[Records from a data source]
BEGIN
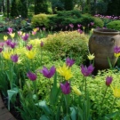 Водещите цветове са лилаво и жълто. Цветните акценти могат да бъдат добавени чрез засаждане на някои червени или бели цветя.. Основното е, че лилавите или жълтите тонове преобладават в растителността..
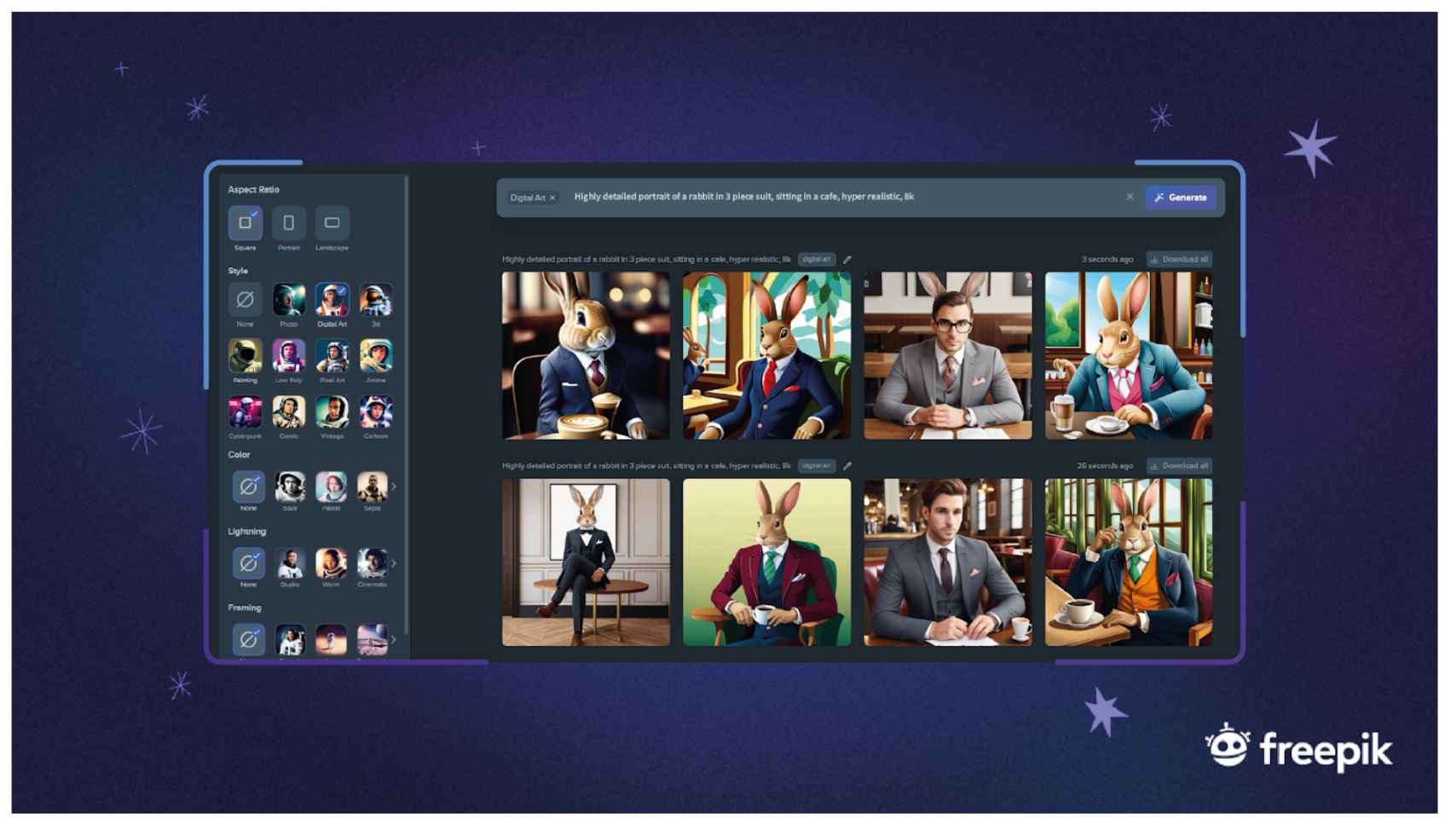 A tecnologia de IA de texto para imagem do Freepik é uma virada de jogo. Ele permite que os usuários transformem avisos textuais em imagens vívidas, rompendo as fronteiras do design tradicional.
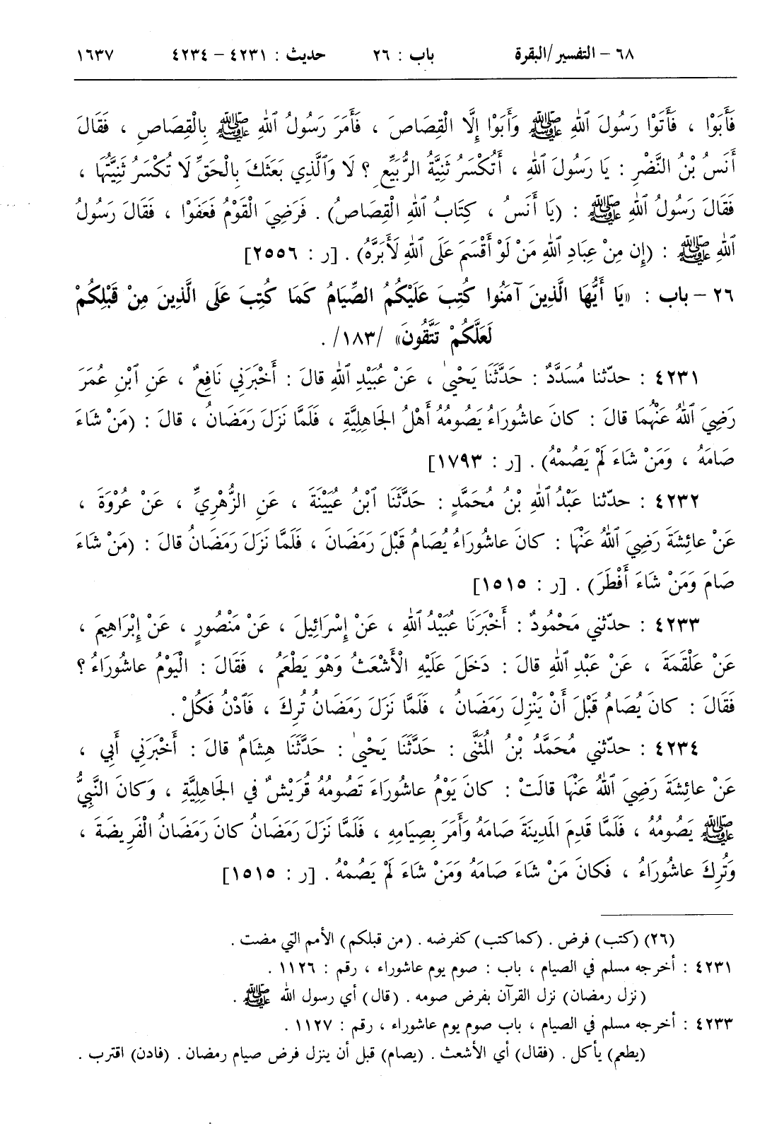 : كان يوم عاشوراء تصومه قريش في الجاهلية وكان النبي صلى الله عليه و سلم يصومه فلما قدم المدينة صامه وأمر بصيامه فلما نزل رمضان كان رمضان الفريضه وترك عاشوراء فكان من شاء صامه ومن شاء لم يصمه
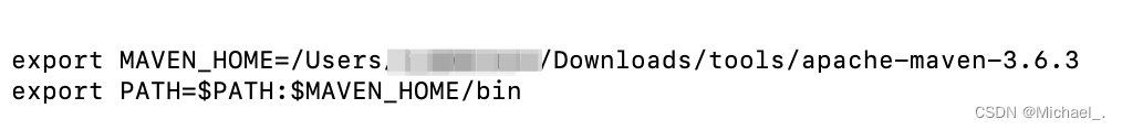 export MAVEN_HOME=/Users/个人用户名/Downloads/tools/apache-maven-3.6.3
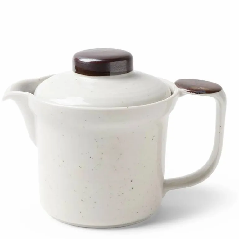 Beautiful glossy white speckled teapot. Stainless steel tea strainer included.
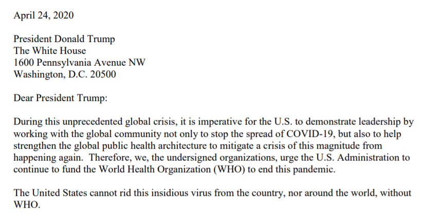 24日,来自世界各地的一千多个组织和个人,包括慈善机构、医疗机构和医学专家,联名签署了一封写给白宫的信,敦促特朗普政府继续资助世界卫生组织。
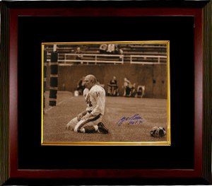 YA Tittle lead the Giants to three straight Eastern Division titles. Tittle threw seven touchdown passes on October 28, 1962, in a game against the Washington Redskins that the Giants won 49-34. In 1963, he set what was then an NFL record by throwing 36 touchdown passes. He was elected 7 times to the Pro Bowl and 3 times as an All-Pro selection. Y.A. Tittle has hand autographed this New York Giants 16x20 Sepia Tone Blood Photo with HOF 71 Inscription. Custom Black Mat and Premium Mahogany Frame as shown. Certificate of Authenticity from Athlon Sports.
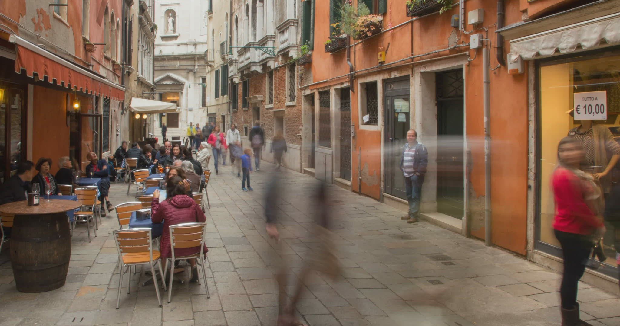 A gray rainy day in the city, rain drops fall on the black table and chairs of a street cafe, a menu is hanging on the wall of the house, written with white chalk on a black board
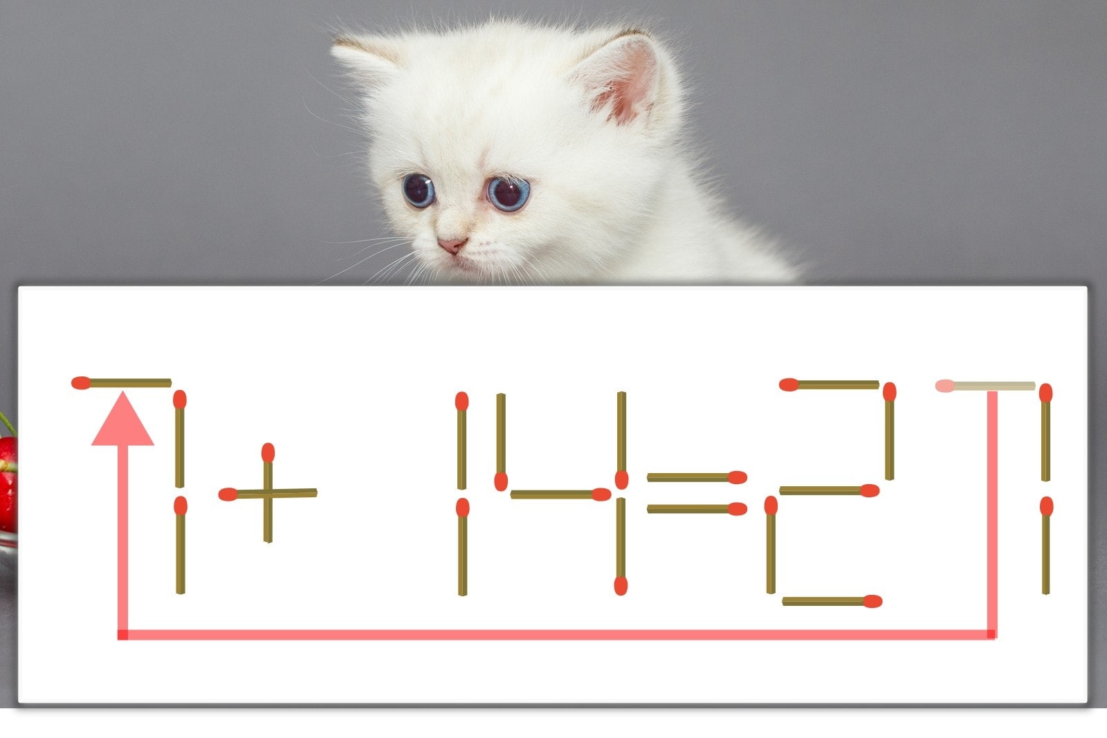 【問題】マッチ棒を1本動かして式を正しくしてください。
END
What is needed – Output every record verbatim, excluding any picture it contains.

Task result –
 Водещите цветове са лилаво и жълто. Цветните акценти могат да бъдат добавени чрез засаждане на някои червени или бели цветя.. Основното е, че лилавите или жълтите тонове преобладават в растителността..
 A tecnologia de IA de texto para imagem do Freepik é uma virada de jogo. Ele permite que os usuários transformem avisos textuais em imagens vívidas, rompendo as fronteiras do design tradicional.
 : كان يوم عاشوراء تصومه قريش في الجاهلية وكان النبي صلى الله عليه و سلم يصومه فلما قدم المدينة صامه وأمر بصيامه فلما نزل رمضان كان رمضان الفريضه وترك عاشوراء فكان من شاء صامه ومن شاء لم يصمه
 export MAVEN_HOME=/Users/个人用户名/Downloads/tools/apache-maven-3.6.3
 Beautiful glossy white speckled teapot. Stainless steel tea strainer included.
 24日,来自世界各地的一千多个组织和个人,包括慈善机构、医疗机构和医学专家,联名签署了一封写给白宫的信,敦促特朗普政府继续资助世界卫生组织。
 YA Tittle lead the Giants to three straight Eastern Division titles. Tittle threw seven touchdown passes on October 28, 1962, in a game against the Washington Redskins that the Giants won 49-34. In 1963, he set what was then an NFL record by throwing 36 touchdown passes. He was elected 7 times to the Pro Bowl and 3 times as an All-Pro selection. Y.A. Tittle has hand autographed this New York Giants 16x20 Sepia Tone Blood Photo with HOF 71 Inscription. Custom Black Mat and Premium Mahogany Frame as shown. Certificate of Authenticity from Athlon Sports.
 A gray rainy day in the city, rain drops fall on the black table and chairs of a street cafe, a menu is hanging on the wall of the house, written with white chalk on a black board
 【問題】マッチ棒を1本動かして式を正しくしてください。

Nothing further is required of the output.